Au final, pédagos comme antis, trop occupés à lire dans mon billet ce qui n’y figurait pas mais satisfaisait leur égo et leur parti tout à la fois, préférant se mirer à la surface plutôt que de viser les profondeurs, ont littéralement manqué mon propos – hors-sujet, tous ! J’y parlais du risque pour le prof de confire dans sa pratique de classe, de sa nécessaire distanciation, du recul indispensable à sa fraîcheur mentale et au maintien de son enthousiasme d’éducateur (peu importait, au fond, que ce fut par Goigoux) et me voilà bien malgré moi pris entre le marteau et l’enclume.
J’en suis arrivé à un point où j’hésite parfois, lors de la rédaction d’un billet, à employer le mot de « pédagogie ». Je redoute en effet que les connotations qui surchargent ce vocable, dans un sens ou l’autre, me le renvoient en travers de la gueule, parasitent mon propos au point d’interdire au sens d’émerger.
Pour être honnête je me sens, on l’aura compris, plus proche des pédagos que des antis, au nom de plus d’idées partagées et d’une inclination naturelle à la mesure, contre l’excès.
Mais je réfute avec véhémence et par avance toute assimilation à quelque dogme courant que ce soit et revendique mon libre-arbitre : ce doit être clair pour tout le monde, on a encore le droit de penser comme bon nous semble sans être instantanément récupéré dans un sens ou dans l’autre, sans être flatté par les uns et honni par les autres, ou l’inverse, sans être assimilé et réduit à une pensée, à une idéologie. Car si les antis se veulent contre ces fameuses idéologies qu’ils pourfendent à longueur de joute, ces bretteurs-nés sont eux-mêmes et de manière souvent caricaturale, en pleine idéologie.
Idéologie contre idéologie, si vous voulez, mais foutez-moi la paix !

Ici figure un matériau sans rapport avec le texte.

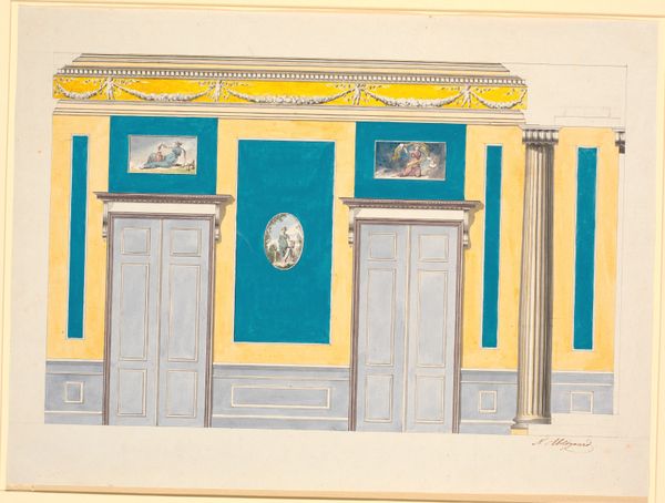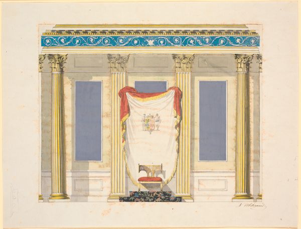 Editor: So, this is "Vinduesvæggen. Udkast til dekoration til Riddersalen," a watercolor and pencil drawing from the 1790s by Nicolai Abildgaard. It’s a design for a room, I guess? I’m immediately struck by how… theatrical it feels. All those columns and drapes, almost like a stage set. What do you see in this piece? Curator: Theatre is an excellent observation. Abildgaard's Neoclassical style pulls heavily from antiquity, and for that era, classical architecture wasn’t just about aesthetics. Think about the Roman Senate, or Greek amphitheatres—architecture embodied power and civic virtue. These weren't just backdrops; the symbols invoked a very specific emotional and intellectual response. Do you see any repeating motifs? Editor: Yes, the columns, obviously, and the swags at the top. And these circular medallions with figures inside. Curator: Exactly. The columns, the medallions, the friezes...they speak of order, reason, and a connection to a glorious past. It's more than decoration; it's about creating a space imbued with a particular cultural memory, a feeling. The curtain further hints that this is not just an empty performance but also something very real, just behind those blue curtains. Editor: So it's like a stage, but a stage meant to inspire certain feelings and ideas in the people experiencing the space? It almost feels a bit manipulative, knowing that. Curator: Manipulation may be a strong word. How about intentional cultural placemaking? The goal isn't simply to impress but to connect the present with a lineage, lending legitimacy and gravity to those within the space. Do those associations and ideas change over time, though? Editor: That's fascinating! I hadn’t considered the active role architecture plays in shaping our understanding of the world and in the past. It feels like this room is a monument as much as it is just a room. Curator: Indeed! And understanding the visual vocabulary of a time reveals so much about its aspirations. I think my eyes were truly opened to a unique form of historical perspective.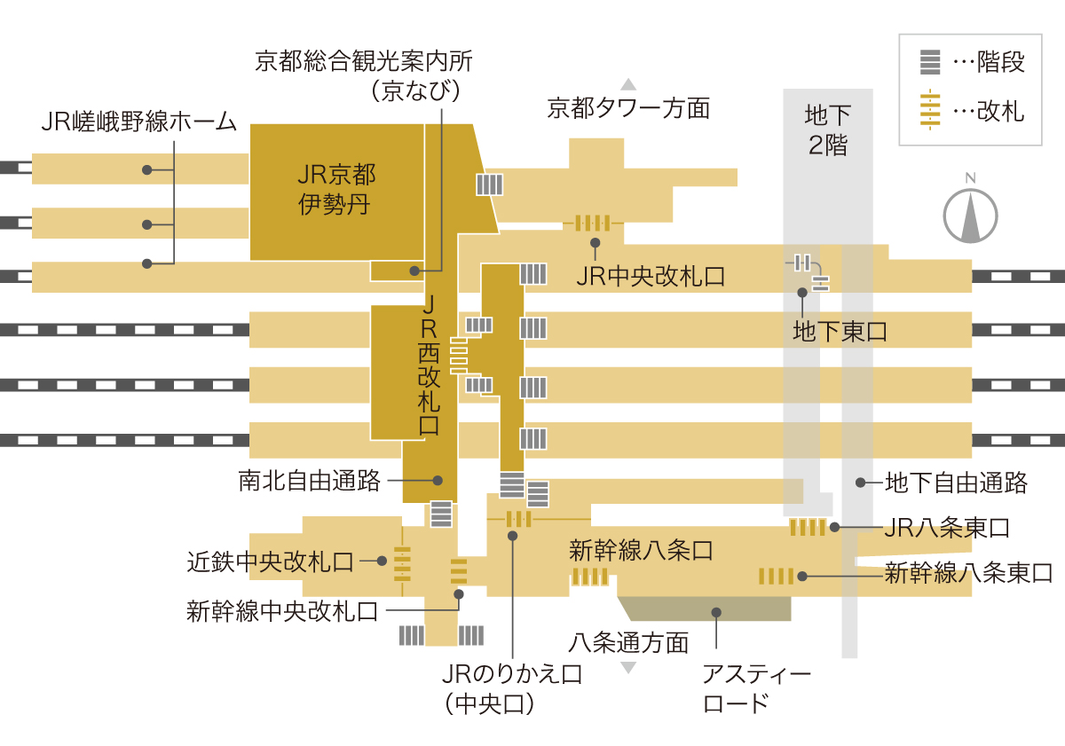 京都の玄関口として知られる京都駅は、日々、多くの利用客を誇る日本有数のターミナル駅。公共交通機関で訪れた観光客が最初に降り立つ場所であるとともに、徒歩圏内にホテルや商業施設などもあり、毎日多くの人が行きかいます。ただし、ちょっぴり複雑なつくりで、ともすれば地元の人でも迷ってしまうこともしばしばです。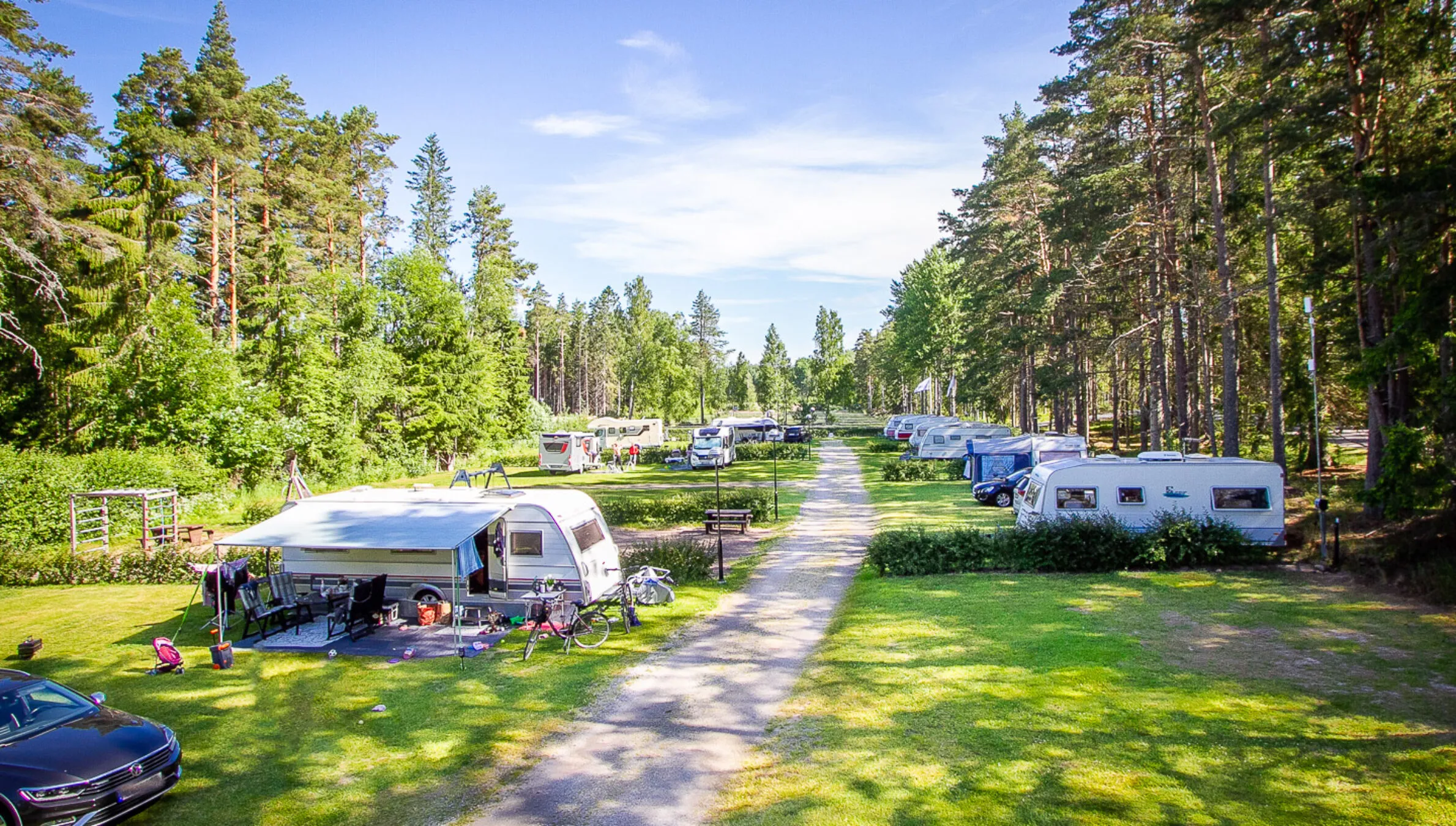 Centrala delen av campingen. Våra premiumplatser 501 – 510 för husvagn/husbil inkluderar el, vatten & avlopp. Hårdpackat grus för uppställning av husbil/husvagn med tillhörande grästomt.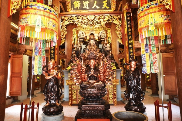 Qua bàn tay tài hoa của những nghệ nhân hàng đầu Việt Nam và được đúc theo công nghệ khuôn vỏ mỏng cầu kỳ bậc nhất hiện nay, bộ tượng tinh xảo tôn thêm vẻ đẹp uy nghiêm của ngôi chùa.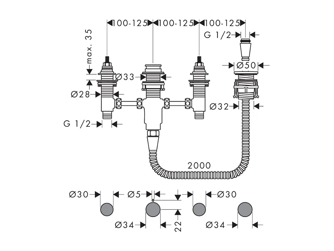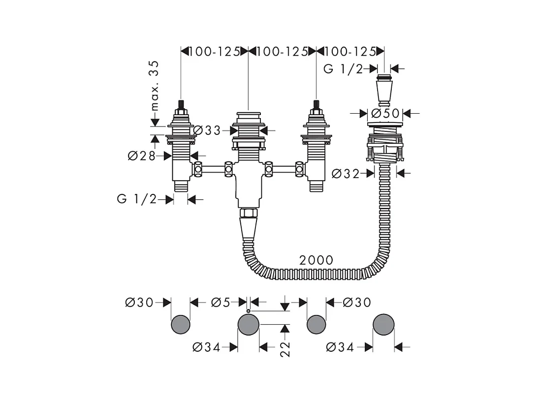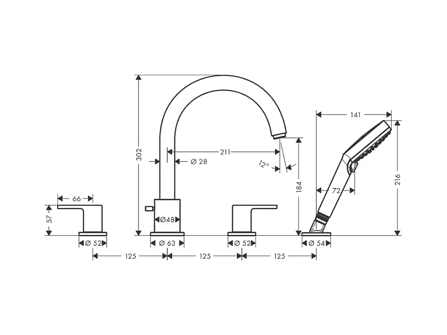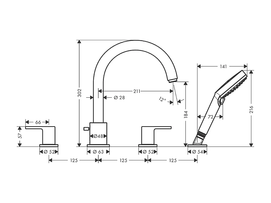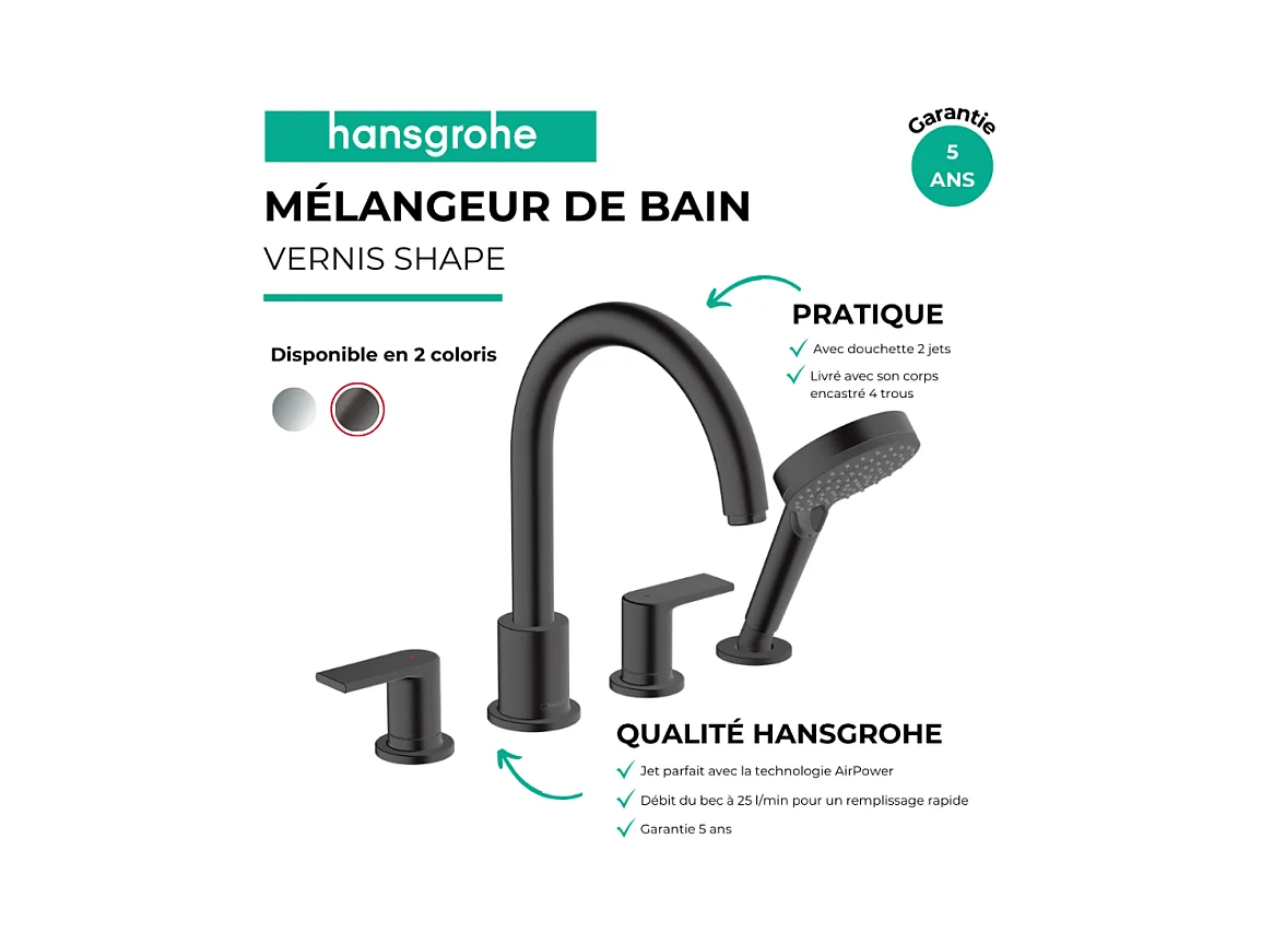Mélangeur bain douche 4 trous HANSGROHE Vernis Shape noir mat + corps d'encastrement

Et puisqu’on parle d’idéologie, il faut aussi dire que tout ceci sent bon (?) le débat suranné des années 70-80, foncièrement doctrinaire, nécessairement polémique, forcément manichéen : républicains contre post-soixante-huitards, pantalons en velours côtelé et ronds de cuir au coude pour tous. Eh bien messieurs le monde a évolué, il y a d’autres manières de l’observer et de le considérer, de voir, de penser, d’appréhender l’école, le métier d’enseignant ! Restez dans vos obscurantistes chapelles si vous vous y plaisez, et laissez-nous sortir à l’air libre respirer du grand frais !
Pour ce qui me concerne, la pédagogie n’est pas une pose idéologique, pas une posture politique, pas un enjeu de valorisation personnelle dans des débats de coqs d’arrière-(basse)cour, pas un sujet de pugilat puéril pour gros jabots.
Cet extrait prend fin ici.